**Source data**

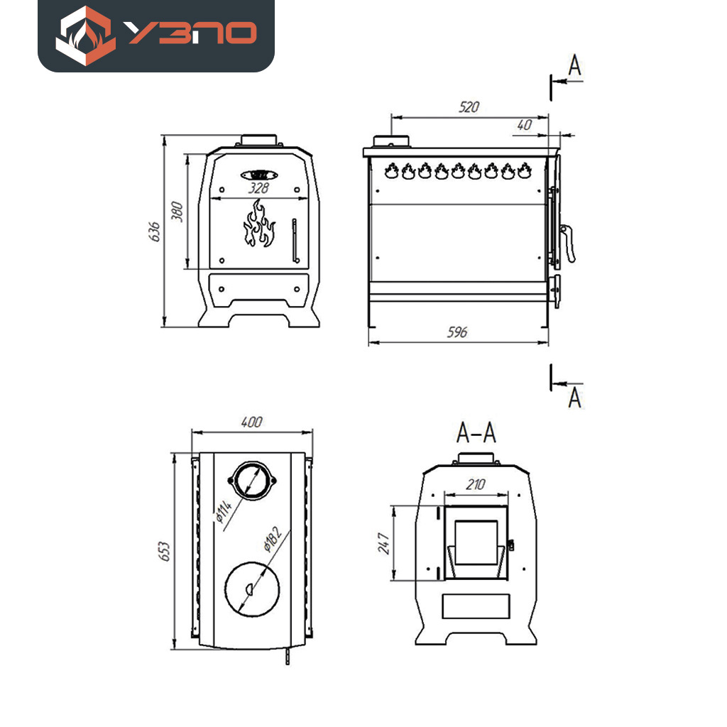 Продолжительный срок службы, достигается благодаря увеличенной толщине свода топки до 4 мм. Проём дверцы топки (210 мм х 247 мм) позволяет удобно наполнять печь дровами. Рекомендуемая длина дров 55 см. За счет конвекционного кожуха, печь «Теплушка 200» не только быстро прогреет помещение, но и защитит от жесткого инфракрасного излучения. Печь имеет широкую, плоскую верхнюю плиту со съемной конфоркой, позволяющую не только готовить или разогревать пищу, но и прочищать от сажи верхнюю часть печи.
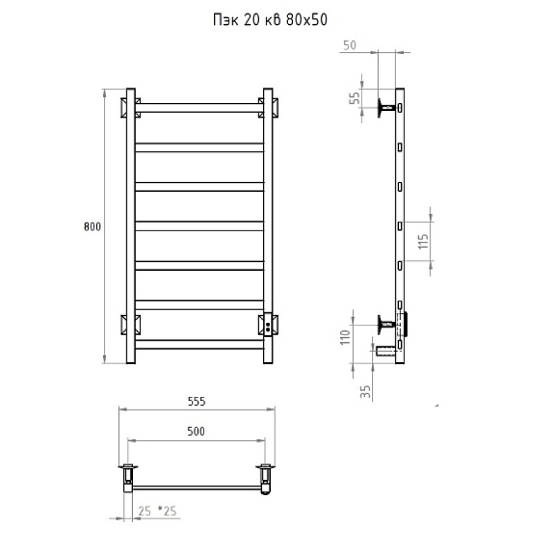 Закажите товар "Полотенцесушитель электрический (лесенка) Тругор Пэк сп 20 кв 80х50 см, графит"
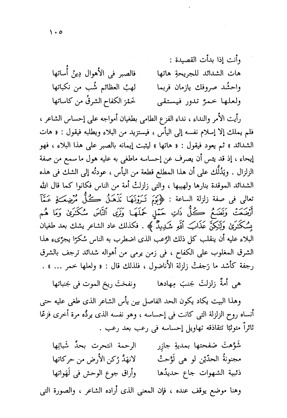 رأيت الأمر والنداء، نداء الفزع الطامي بطغيان أمواجه على إحساس الشاعر، فلم يملك إلا إسلام نفسه إلى اليأس، فيستزيد من البلاء ويطلبه فيقول: "هات الشدائد" ثم يعود فيقول: "هاتها" ليثبت إيمانه بالصبر على هذا البلاء، فهو إيحاء، إذ قد يئس أن يصرف عن إحساسه ما طغى به عليه هول ما سمع من صفة الزلزال. ويَدُلُّك على أن هذا المطلع قطعة من اليأس، عودتُه إلى الشك في هذه الشدائد الموقدة بنارها ولهيبها، والتي زلزلتْ أمة من الناس فكانوا كما قال الله تعالى في صفة زلزلة الساعة: {يَوْمَ تَرَوْنَهَا تَذْهَلُ كُلُّ مُرْضِعَةٍ عَمَّا أَرْضَعَتْ وَتَضَعُ كُلُّ ذَاتِ حَمْلٍ حَمْلَهَا وَتَرَى النَّاسَ سُكَارَى وَمَا هُمْ بِسُكَارَى وَلَكِنَّ عَذَابَ اللَّهِ شَدِيدٌ}. فكذلك عاد الشاعر يشك بعد طغيان البلاء عليه أن ينقلب كل ذلك الرعب الذي اضطرب به الناس سُكرًا يجزِّئ هذا الشرق المغلوب على الكفاح، في زمن يرمى من أهواله شدائد ترجف بالشرق رجفة كأشد ما رَجفتْ زلزلة الأناضول، فلذلك قال: "ولعلها خمر. . . .".
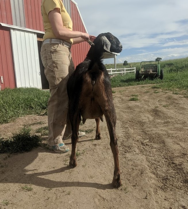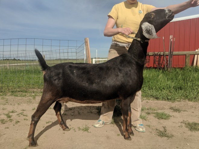 Marian is a gentle, brown and black nubian doe. She is five years old and she has freshened twice. She’s good on the stand and milks easily. Milks about a half gallon a day.
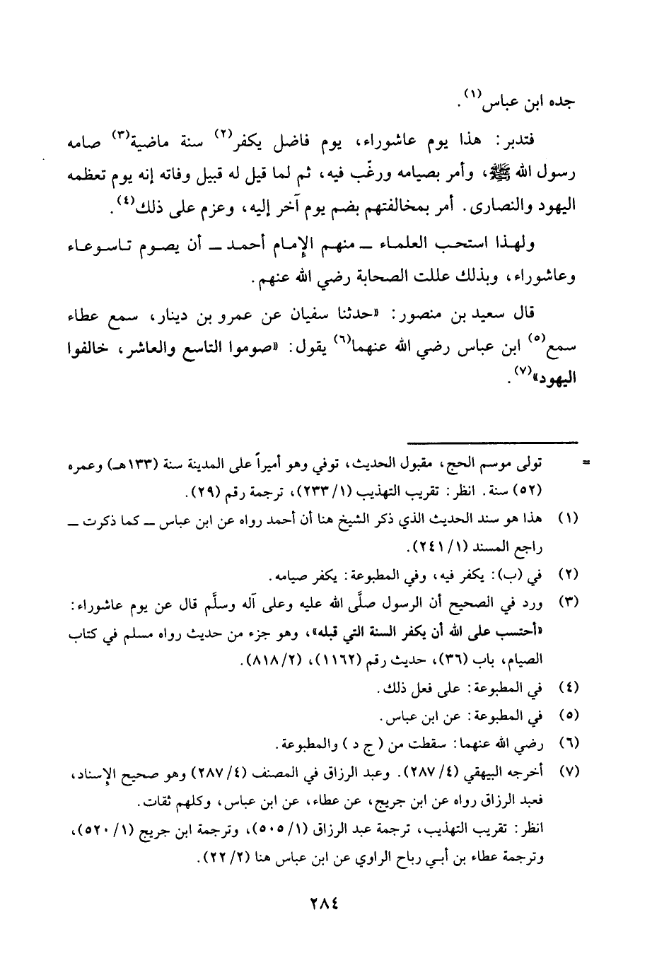 ولهذا استحب العلماء منهم الإمام أحمد أن يصوم تاسوعاء وعاشوراء، وبذلك عللت الصحابة رضي الله عنهم.
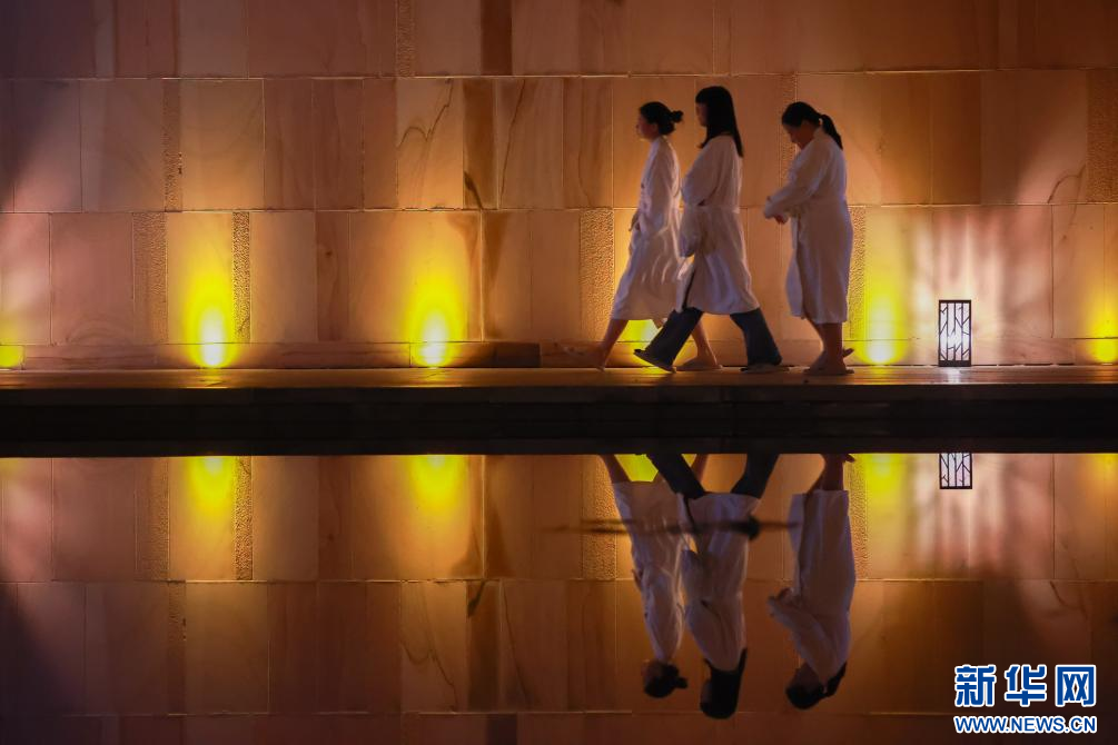 在石阡县佛顶山温泉小镇内,游客前去泡温泉(11月14日摄)。
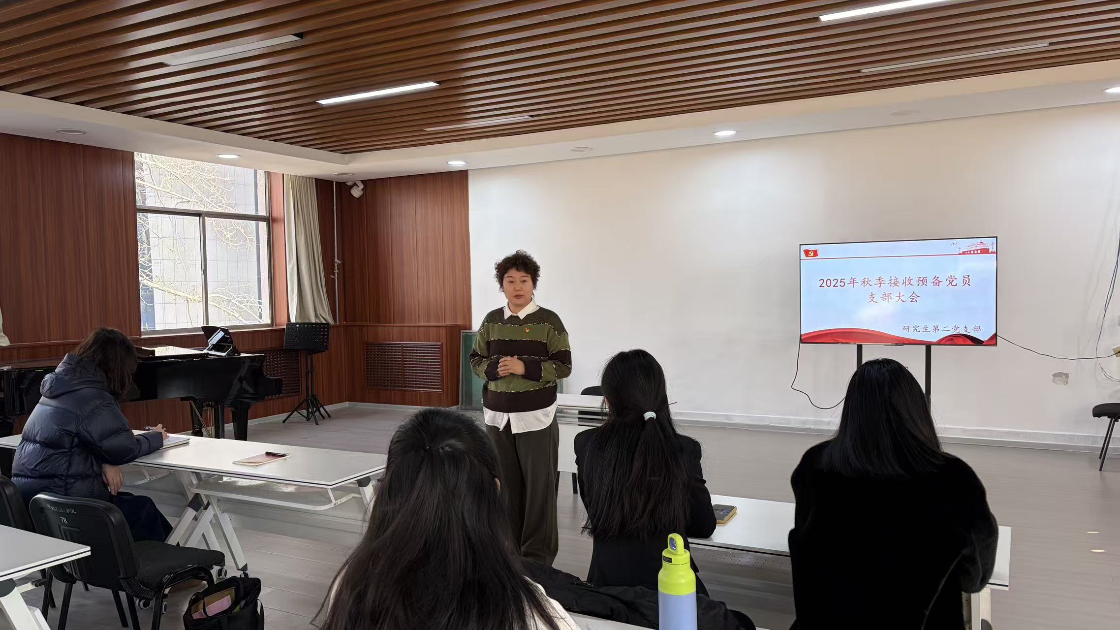 研究生第二党支部在12号楼三层本科生教室召开2025年秋季党员发展大会。大会讨论接收郭西南、冯晨2名同志为预备党员的问题。本支部共有党员23名,应到23名,实到23名。应到会有表决权的正式党员20名,实到会有表决权的正式党员20名。有表决权的正式党员到会人数超过应到会有表决权人数的半数,符合会议规定人数。
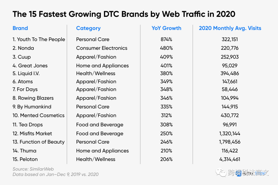 众所周知,2020年,是全球电商崛起的一年,不少卖家和DTC品牌都迎来了流量爆发。在此基础上,SimilarWeb对流量增幅最大的前15个DTC品牌进行了盘点,而上图展示的就是这15个平台。
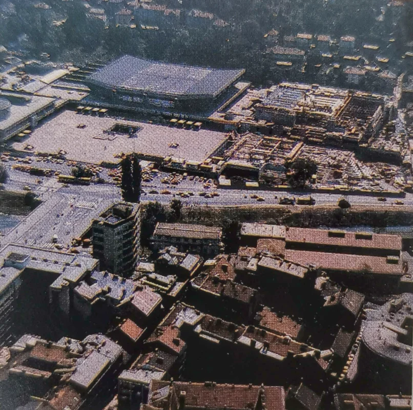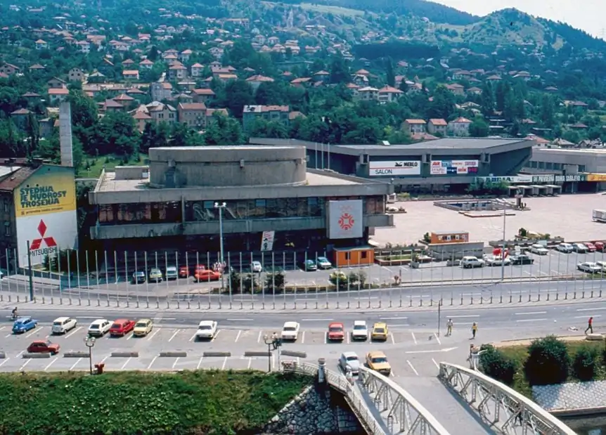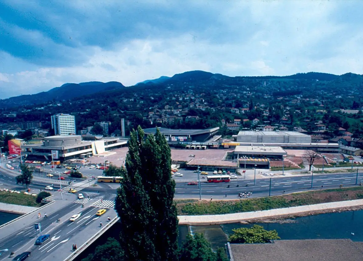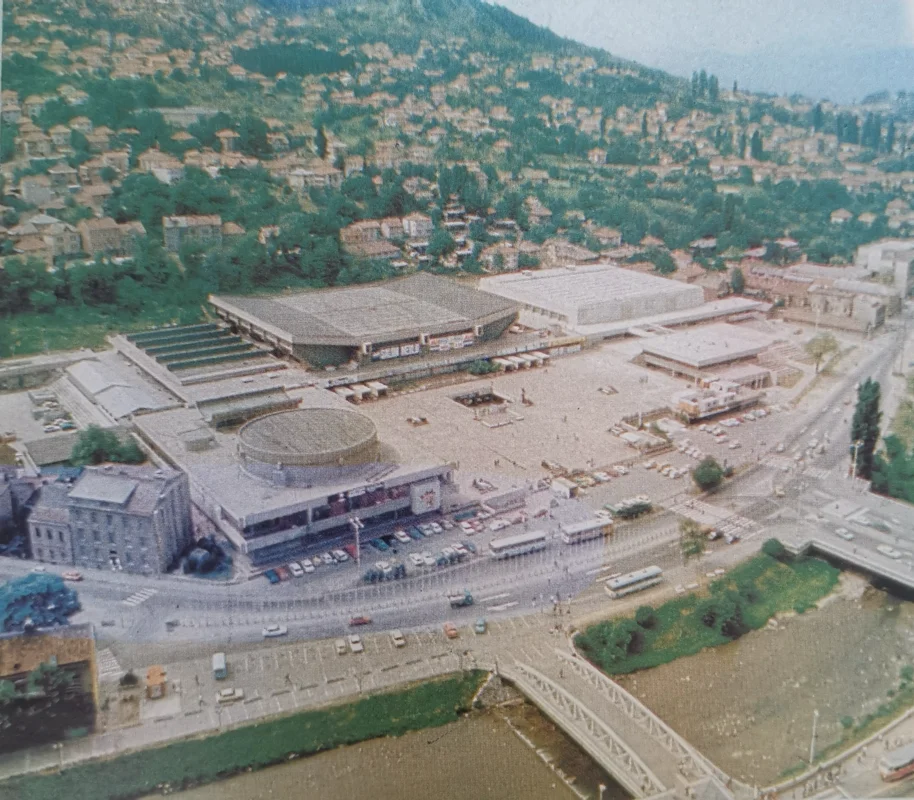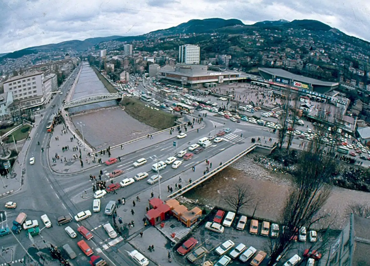Pogled iz 1985. na frekventnu raskrsnicu prikazuje postolimpijsku urbanu gustoću oko Skenderije i riječnih prelaza.
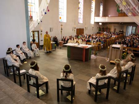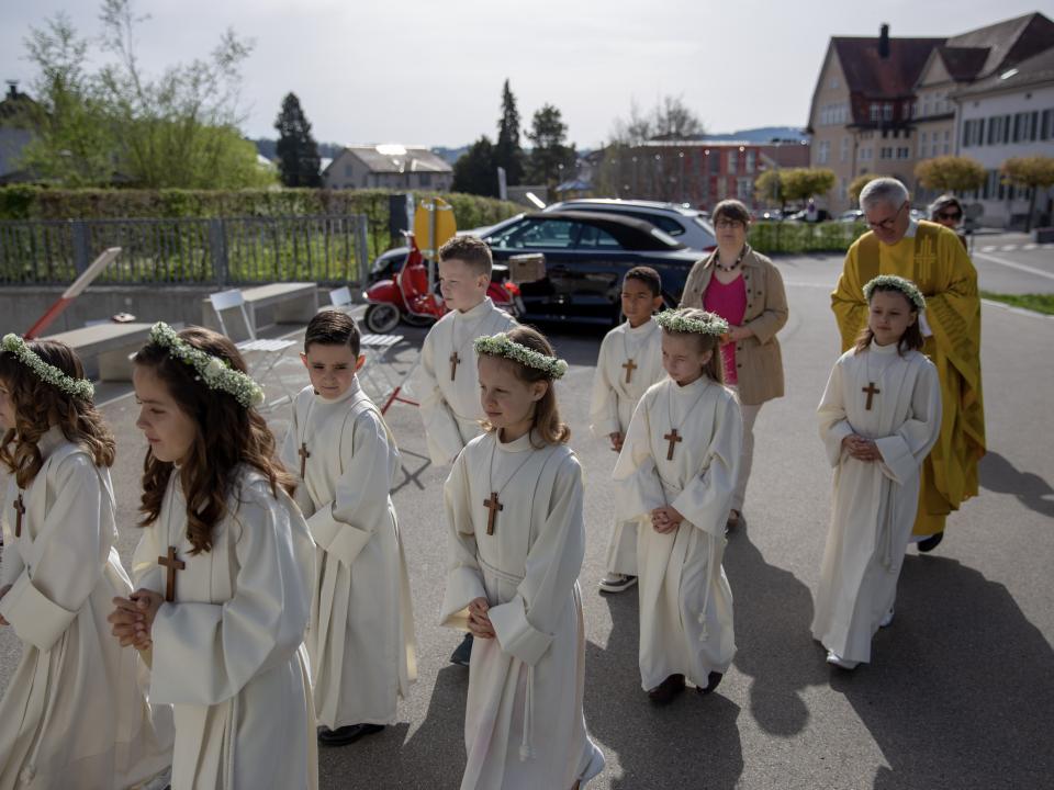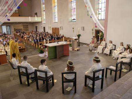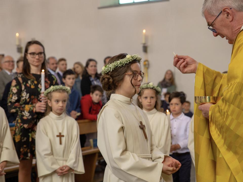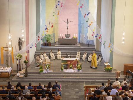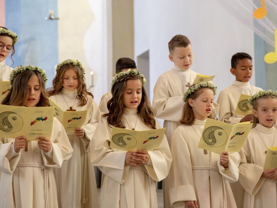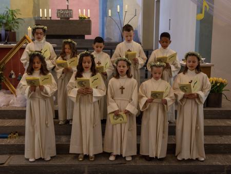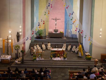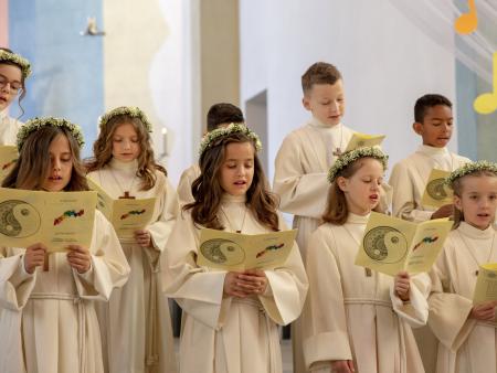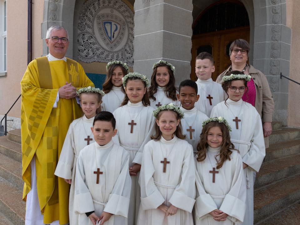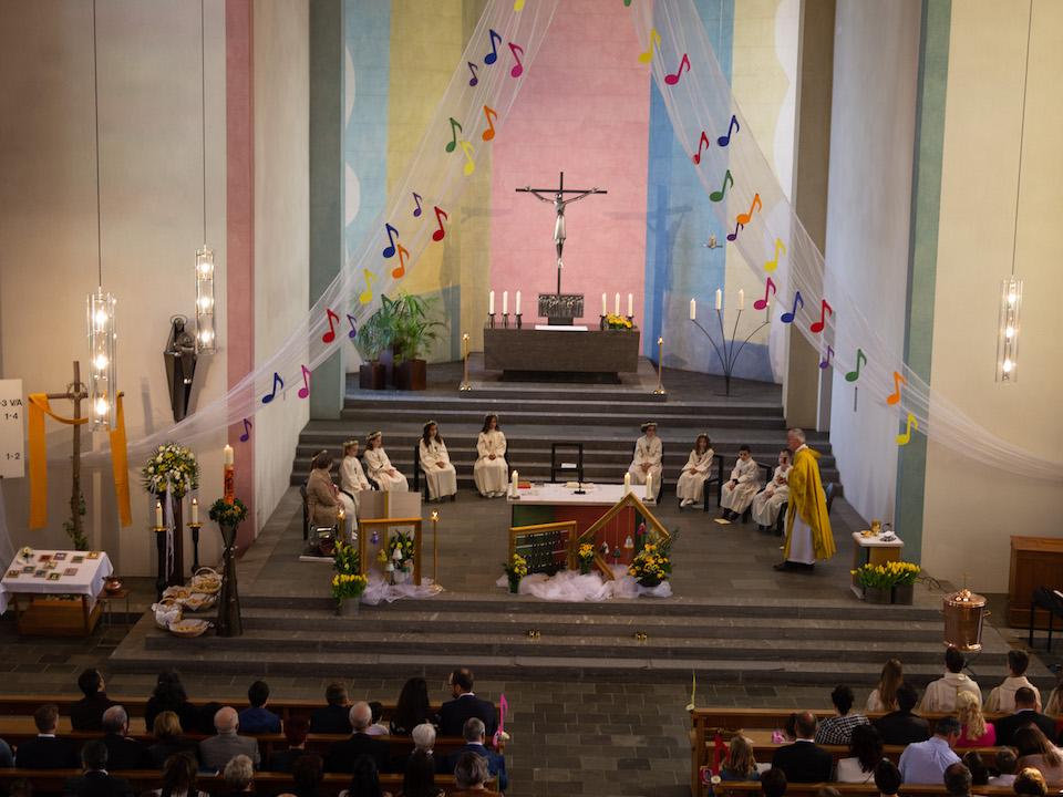 Nach intensiver Vorbereitungszeit durften am Ostermontag 10 Kinder aus unserer Pfarrei den grossen Tag ihrer Erstkommunion feiern. Begleitet von der Musikgesellschaft Aadorf zogen sie, zusammen mit Pfarrer Daniel Bachmann und ihrer Katechetin Claudia Wick in die wunderschön - zum Thema «In uns klingt Gottes Melodie» - geschmückte Kirche ein. Mit den voller Inbrunst gesungen Liedern machten die Erstkommunikanten dem Motto alle Ehre. Den Kindern ist zu wünschen, dass mit dem Empfang der Kommunion auf ihrem Lebenswegen Gottes Melodie weiterhin in ihren Herzen erklingen wird.

**WHAT IS BEING ASKED**
The output is the records exactly as they read, with no pictures in it.

**REPLY**
 Продолжительный срок службы, достигается благодаря увеличенной толщине свода топки до 4 мм. Проём дверцы топки (210 мм х 247 мм) позволяет удобно наполнять печь дровами. Рекомендуемая длина дров 55 см. За счет конвекционного кожуха, печь «Теплушка 200» не только быстро прогреет помещение, но и защитит от жесткого инфракрасного излучения. Печь имеет широкую, плоскую верхнюю плиту со съемной конфоркой, позволяющую не только готовить или разогревать пищу, но и прочищать от сажи верхнюю часть печи.
 Закажите товар "Полотенцесушитель электрический (лесенка) Тругор Пэк сп 20 кв 80х50 см, графит"
 رأيت الأمر والنداء، نداء الفزع الطامي بطغيان أمواجه على إحساس الشاعر، فلم يملك إلا إسلام نفسه إلى اليأس، فيستزيد من البلاء ويطلبه فيقول: "هات الشدائد" ثم يعود فيقول: "هاتها" ليثبت إيمانه بالصبر على هذا البلاء، فهو إيحاء، إذ قد يئس أن يصرف عن إحساسه ما طغى به عليه هول ما سمع من صفة الزلزال. ويَدُلُّك على أن هذا المطلع قطعة من اليأس، عودتُه إلى الشك في هذه الشدائد الموقدة بنارها ولهيبها، والتي زلزلتْ أمة من الناس فكانوا كما قال الله تعالى في صفة زلزلة الساعة: {يَوْمَ تَرَوْنَهَا تَذْهَلُ كُلُّ مُرْضِعَةٍ عَمَّا أَرْضَعَتْ وَتَضَعُ كُلُّ ذَاتِ حَمْلٍ حَمْلَهَا وَتَرَى النَّاسَ سُكَارَى وَمَا هُمْ بِسُكَارَى وَلَكِنَّ عَذَابَ اللَّهِ شَدِيدٌ}. فكذلك عاد الشاعر يشك بعد طغيان البلاء عليه أن ينقلب كل ذلك الرعب الذي اضطرب به الناس سُكرًا يجزِّئ هذا الشرق المغلوب على الكفاح، في زمن يرمى من أهواله شدائد ترجف بالشرق رجفة كأشد ما رَجفتْ زلزلة الأناضول، فلذلك قال: "ولعلها خمر. . . .".
 Marian is a gentle, brown and black nubian doe. She is five years old and she has freshened twice. She’s good on the stand and milks easily. Milks about a half gallon a day.
 ولهذا استحب العلماء منهم الإمام أحمد أن يصوم تاسوعاء وعاشوراء، وبذلك عللت الصحابة رضي الله عنهم.
 在石阡县佛顶山温泉小镇内,游客前去泡温泉(11月14日摄)。
 研究生第二党支部在12号楼三层本科生教室召开2025年秋季党员发展大会。大会讨论接收郭西南、冯晨2名同志为预备党员的问题。本支部共有党员23名,应到23名,实到23名。应到会有表决权的正式党员20名,实到会有表决权的正式党员20名。有表决权的正式党员到会人数超过应到会有表决权人数的半数,符合会议规定人数。
 众所周知,2020年,是全球电商崛起的一年,不少卖家和DTC品牌都迎来了流量爆发。在此基础上,SimilarWeb对流量增幅最大的前15个DTC品牌进行了盘点,而上图展示的就是这15个平台。
Pogled iz 1985. na frekventnu raskrsnicu prikazuje postolimpijsku urbanu gustoću oko Skenderije i riječnih prelaza.
 Nach intensiver Vorbereitungszeit durften am Ostermontag 10 Kinder aus unserer Pfarrei den grossen Tag ihrer Erstkommunion feiern. Begleitet von der Musikgesellschaft Aadorf zogen sie, zusammen mit Pfarrer Daniel Bachmann und ihrer Katechetin Claudia Wick in die wunderschön - zum Thema «In uns klingt Gottes Melodie» - geschmückte Kirche ein. Mit den voller Inbrunst gesungen Liedern machten die Erstkommunikanten dem Motto alle Ehre. Den Kindern ist zu wünschen, dass mit dem Empfang der Kommunion auf ihrem Lebenswegen Gottes Melodie weiterhin in ihren Herzen erklingen wird.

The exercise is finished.